## Material to process

= = =

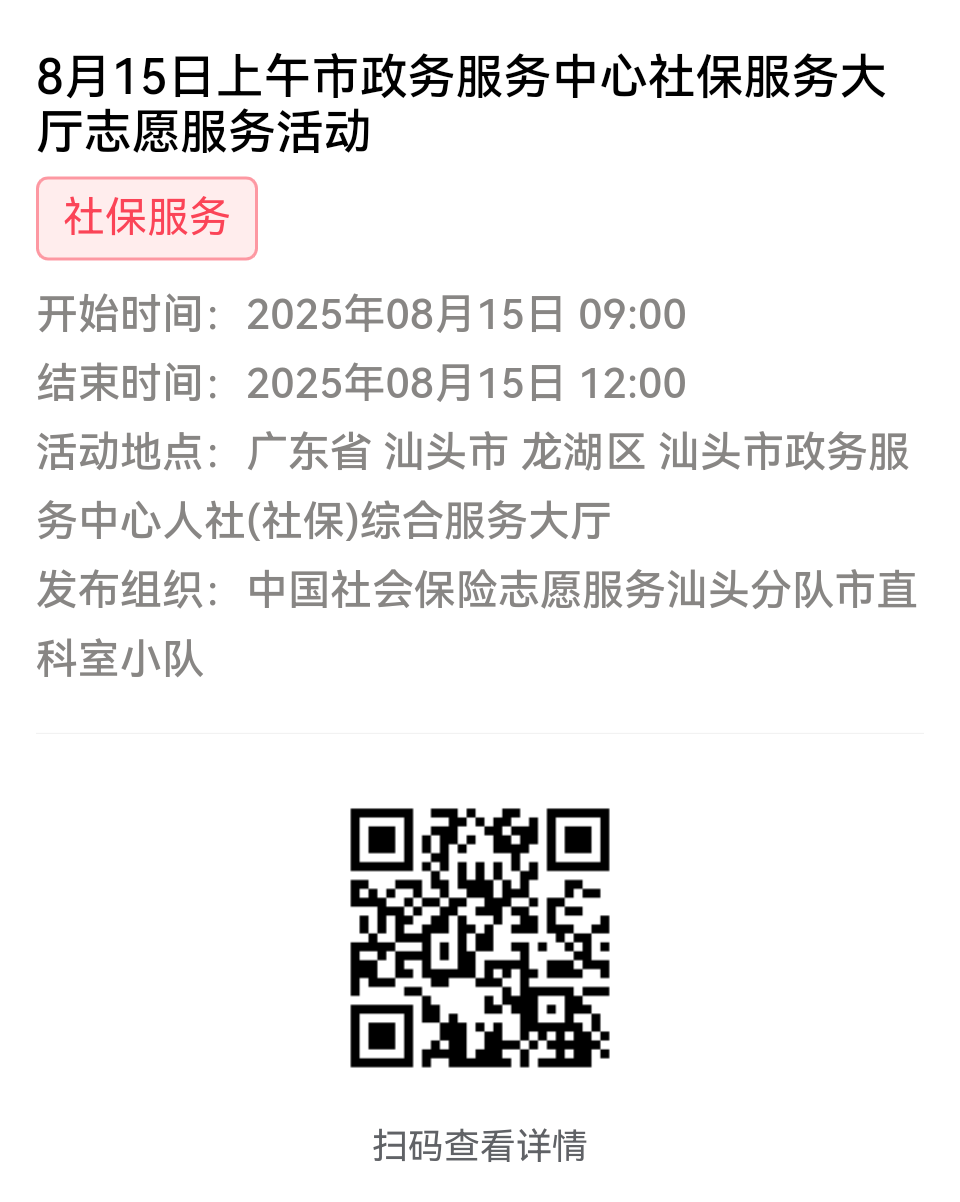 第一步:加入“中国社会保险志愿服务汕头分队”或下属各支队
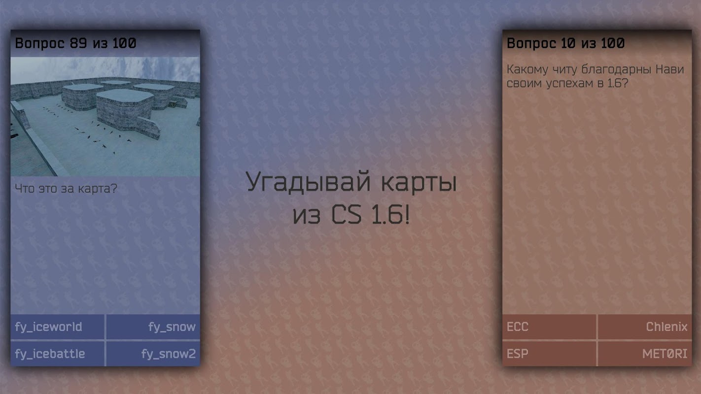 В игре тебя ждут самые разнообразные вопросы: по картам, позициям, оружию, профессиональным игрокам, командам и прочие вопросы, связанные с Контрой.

= = =

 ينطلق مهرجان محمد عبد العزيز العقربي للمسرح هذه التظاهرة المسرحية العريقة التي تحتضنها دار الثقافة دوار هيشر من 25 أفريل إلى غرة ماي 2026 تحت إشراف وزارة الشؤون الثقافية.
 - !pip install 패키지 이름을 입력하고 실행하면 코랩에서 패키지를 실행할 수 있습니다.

= = =

From the records above, quote only the lines running from the line with "ينطلق مهرجان محمد" to the line with "- !pip install", both lines included.

## Reply
 ينطلق مهرجان محمد عبد العزيز العقربي للمسرح هذه التظاهرة المسرحية العريقة التي تحتضنها دار الثقافة دوار هيشر من 25 أفريل إلى غرة ماي 2026 تحت إشراف وزارة الشؤون الثقافية.
 - !pip install 패키지 이름을 입력하고 실행하면 코랩에서 패키지를 실행할 수 있습니다.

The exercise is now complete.